» DATASET:
★ ★ ★ ★ ★ ★ ★
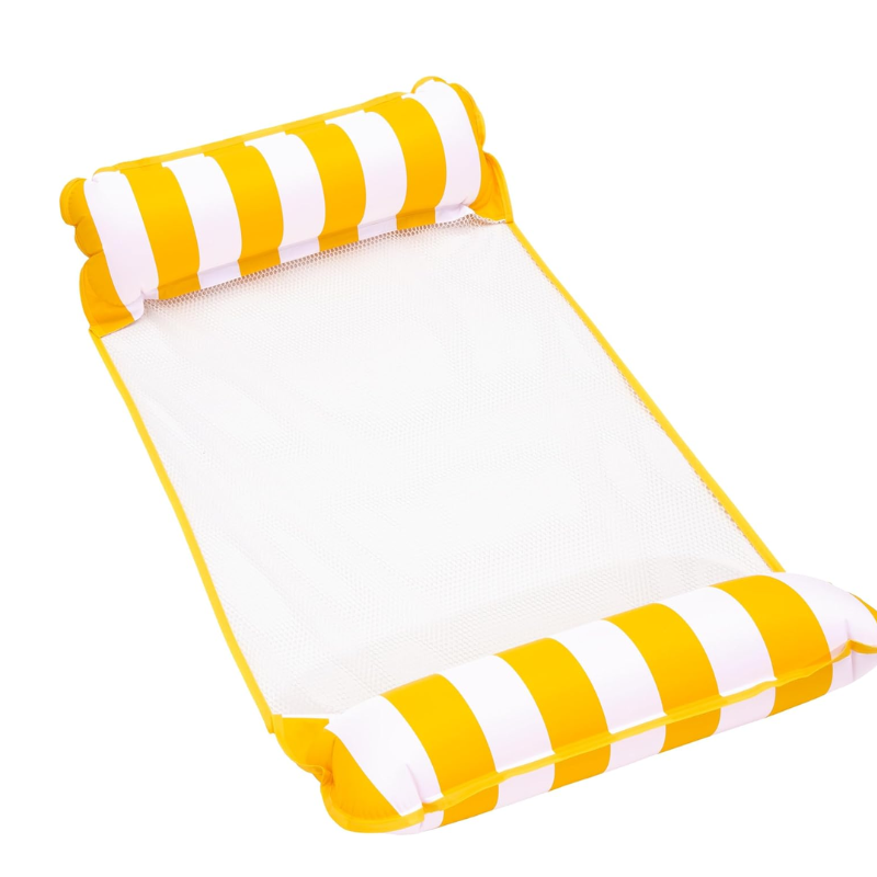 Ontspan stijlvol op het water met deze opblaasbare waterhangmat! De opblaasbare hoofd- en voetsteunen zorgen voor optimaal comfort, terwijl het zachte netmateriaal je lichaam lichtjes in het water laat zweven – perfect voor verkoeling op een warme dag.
★ ★ ★ ★ ★ ★ ★
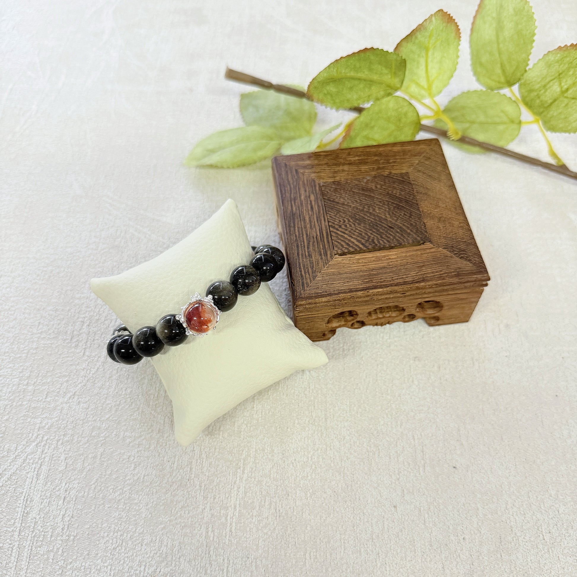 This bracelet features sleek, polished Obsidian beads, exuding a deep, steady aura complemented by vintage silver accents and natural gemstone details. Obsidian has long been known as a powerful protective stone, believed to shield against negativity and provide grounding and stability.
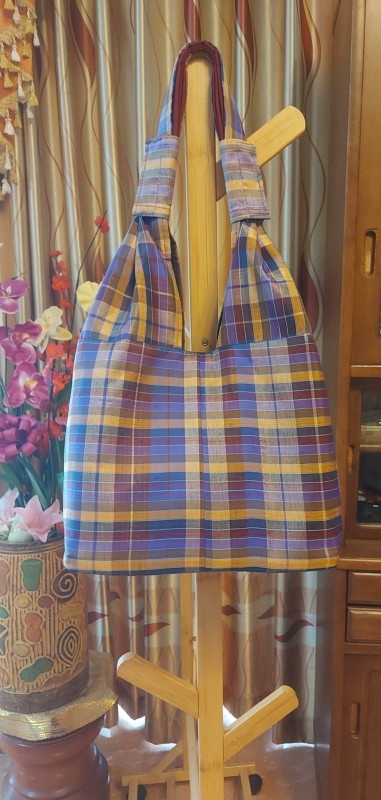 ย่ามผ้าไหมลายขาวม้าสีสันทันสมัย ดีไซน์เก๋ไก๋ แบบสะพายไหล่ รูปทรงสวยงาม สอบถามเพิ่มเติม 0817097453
★ ★ ★ ★ ★ ★ ★
» TASK TO CARRY OUT:
Go down the entries above from the line containing "This bracelet features" to the line containing "ย่ามผ้าไหมลายขาวม้าสีสันทันสมัย ดีไซน์เก๋ไก๋ แบบสะพายไหล่" and write out each line exactly, leaving pictures out.

» RESULT OF THE EXERCISE:
 This bracelet features sleek, polished Obsidian beads, exuding a deep, steady aura complemented by vintage silver accents and natural gemstone details. Obsidian has long been known as a powerful protective stone, believed to shield against negativity and provide grounding and stability.
 ย่ามผ้าไหมลายขาวม้าสีสันทันสมัย ดีไซน์เก๋ไก๋ แบบสะพายไหล่ รูปทรงสวยงาม สอบถามเพิ่มเติม 0817097453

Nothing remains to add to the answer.